В России подобное отношение к «чародеям» было декларировано только Анной Иоанновной. 25 мая 1731 г. императрица подписала указ, который должен был способствовать искоренению в России суеверий, в особенности всякого рода «обманного» волшебства. Однако примечательно, что, отдавая дань новомодным рационалистическим и просветительским толкованиям «суеверий» и «волшебства» как «обманства» (о вреде от чернокнижия, кроме «гнева Божия и гнева ея императорского величества» в аннинском указе речи уже не было), составители указа все еще предусматривали самые жесткие формы наказания, как для практикующих «волшебников», так и для обращавшихся к их услугам: «А ежели впредь кто, гнева Божия не боясь и сего Ея Императорского Величества указу не страшась, станут волшебников к себе призывать или к ним в домы для каких волшебных способов приходить, или на путях о волшебствах разговоры с ними иметь и учению их последовать, или какие волшебники учнут собою на вред или, мнящее, якобы на пользу кому волшебства чинить: и за то оные обманщики казнены будут смертию, сожжены...»{570}.

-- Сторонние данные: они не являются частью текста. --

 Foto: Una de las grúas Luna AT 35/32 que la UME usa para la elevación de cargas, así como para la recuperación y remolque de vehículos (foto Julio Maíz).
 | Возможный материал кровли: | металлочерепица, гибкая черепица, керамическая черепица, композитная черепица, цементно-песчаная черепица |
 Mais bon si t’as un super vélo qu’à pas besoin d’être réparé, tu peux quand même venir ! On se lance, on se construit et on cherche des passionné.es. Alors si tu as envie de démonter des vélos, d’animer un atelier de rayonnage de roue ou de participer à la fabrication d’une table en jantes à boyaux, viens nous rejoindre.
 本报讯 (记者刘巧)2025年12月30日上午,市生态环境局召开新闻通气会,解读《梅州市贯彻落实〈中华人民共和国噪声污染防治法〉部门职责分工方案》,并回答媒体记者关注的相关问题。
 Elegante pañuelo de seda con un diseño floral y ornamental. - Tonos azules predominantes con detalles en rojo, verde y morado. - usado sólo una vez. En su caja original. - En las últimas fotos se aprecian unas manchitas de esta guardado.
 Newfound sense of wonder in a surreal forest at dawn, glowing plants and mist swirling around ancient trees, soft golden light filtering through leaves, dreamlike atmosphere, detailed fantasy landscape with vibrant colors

Не случайно, что, в отличие от его французского предшественника, аннинский указ стал весьма примечательным шагом не в прекращении, а, напротив, в развязывании широкого государственного и церковного гонения на «ведьм» и народные магические практики. По указу 1731 г. продолжали судить волшебников и при Елизавете Петровне. На тридцатилетие с 1731 по 1761 г. в России выпало чуть ли не самое большое количество процессов по волшебным делам (почти 150 из исследованных нами 200 в XVIII в.!).

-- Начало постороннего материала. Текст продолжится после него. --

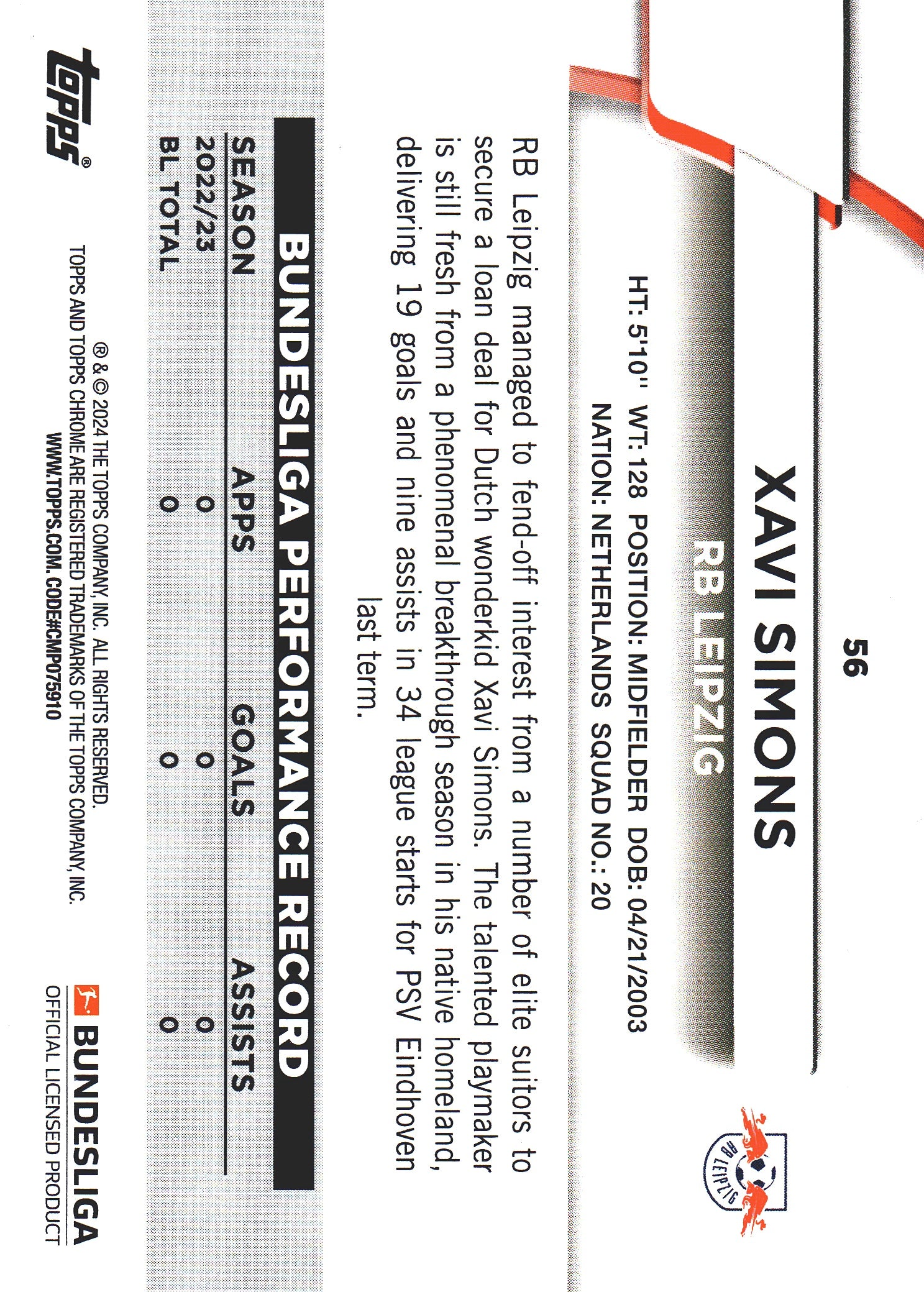 2023 Topps Bundesliga Jade Edition Xavi Simons #56 RB Leipzig

Существенные изменения в законодательство против «волшебства» были внесены только при Екатерине Великой{571}. Правда, в первый год ее правления 8 октября 1762 г. был обнародован сенатский указ «О поступании с появившимися в Ростове притворными кликушами и с шатающимися по Москве нищими». Он, в частности, требовал наказания для всех, объявлявших себя кликушами: «с таковыми явившимися притворными кликушами, когда оные явятся, ловя их, поступать по силе состоявшихся и преждепубликованных указов»{572}. Однако в дальнейшем просветительское неприятие «мучительств» за веру заставит императрицу записать в Наказе Уложенной комиссии не только принятые штампы о волшебниках-обманщиках, «обольщающих народ», но и то, что «обвинение в сих... преступлениях может чрезмерно нарушить тишину, вольность и благосостояние граждан и быть источником безчисленных мучительств, если в законах пределов оному не положено»{573}.

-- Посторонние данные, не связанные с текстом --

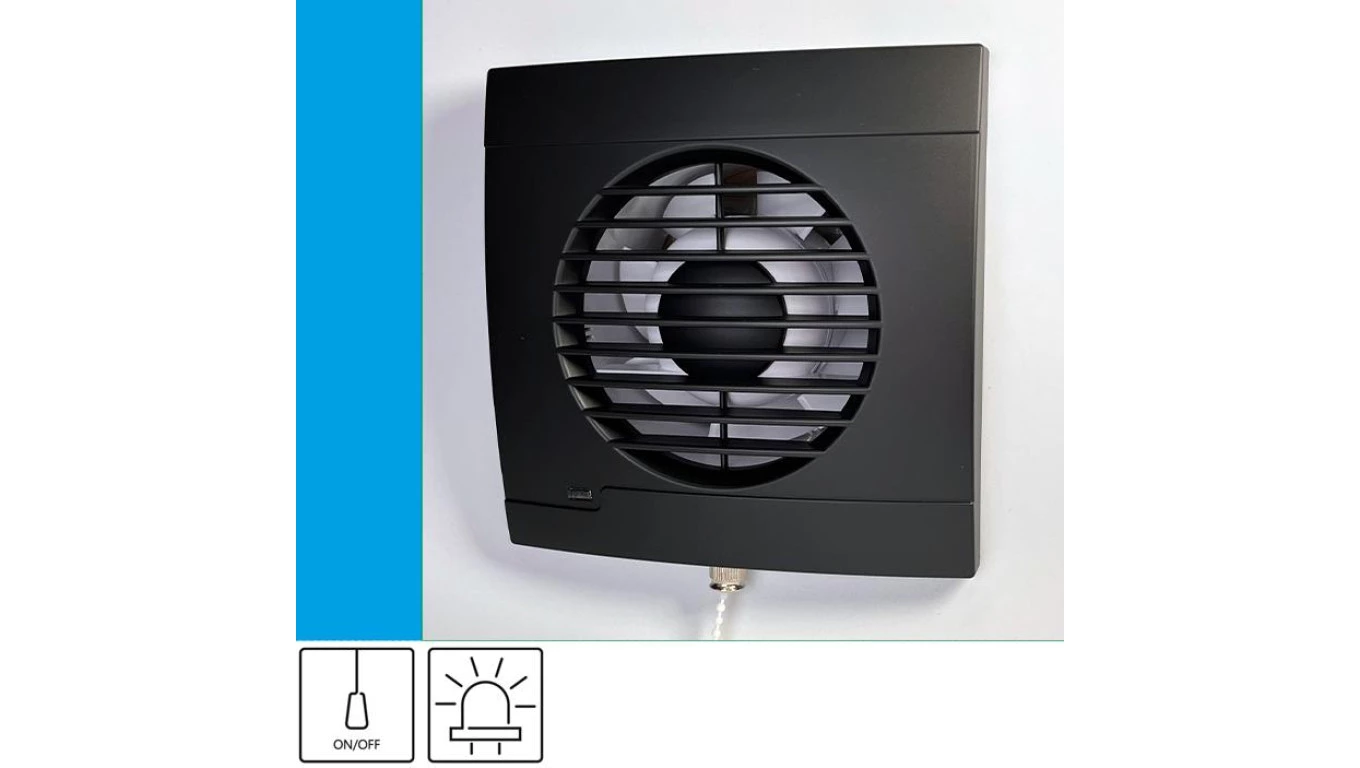 Wentylator domowy Aero RS100P Onyx przełącznik pociągany, kontrolka LED, fi 100 mm, kolor czarny
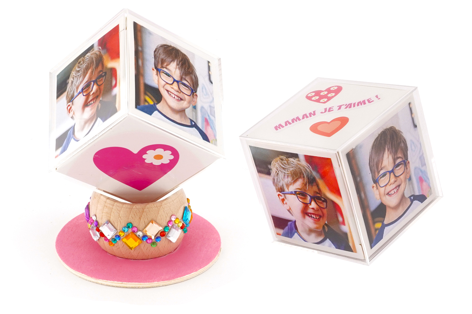 Los niños podrán expresar todo su amor y su creatividad gracias a esta actividad única y emotiva. Decorarán un cubo de cartón añadiendo fotos, dibujos o tiernos mensajes de amor, antes de deslizarlo en un elegante cubo de acrílico. Todo será sublimado por una base decorativa compuesta por un círculo de madera, un círculo de servilleta y brillantes strass, para un acabado perfecto.

В Синоде это пожелание императрицы положить «пределы мучительства за веру» не всеми членами было принято однозначно. Примечательно, что переяславский епископ Сильвестр (Страгородский) предлагал не только подтвердить даже «расширить» старые законы об истреблении «суеверия» и кликуш, но и «вновь узаконить» пресечение масленичных гуляний («народного бешенства на седмицу сырную»), истребление «беззаконных в рождественские святки игрищ» и «игралищных позорищ на публичных и открытых местах...»{574}. Правда, в окончательном решении Синода предложения Сильвестра развития так и не получили. В частности, Синод постановил рассматривать веру в волшебство как глупость и поэтому наказанию подвергать умеренному, прежде всего учителей, а не пользователей магическими средствами. Синод определил и то, что наказание духовное (епитимья) должно предшествовать наказанию светскому и это наказание должно быть разным для «волшебников»-профессионалов и для малоразумных пользователей:
«Прежними Уложением и другими законами волшебникам и заговорщикам от ружья и от прочаго жестокая положена казнь. А по производившимся многим делам усмотрено, что таковые люди от одного своего неразумения и льстя себя глупою и безразсудною надеждою в таковой поступок впадают, а в самом же деле никакого по их желанию действия, каковыя они в бездельных письмах своих изъясняют, не бывало и быть не может, кроме одного их мечтания, каковое они в силе действия безумно присвояют. Того ради просит высокоматерняго Ея Императорского Величества к таковым легкомысленным людям облегчения, хотя они без наказания оставлены быть не должны, однако положить оное тем, кои обучают и действуют — потяжеле, а кто слушает таковых — полегче, и потом для епитимьи отсыланы б были в духовный команды»{575}.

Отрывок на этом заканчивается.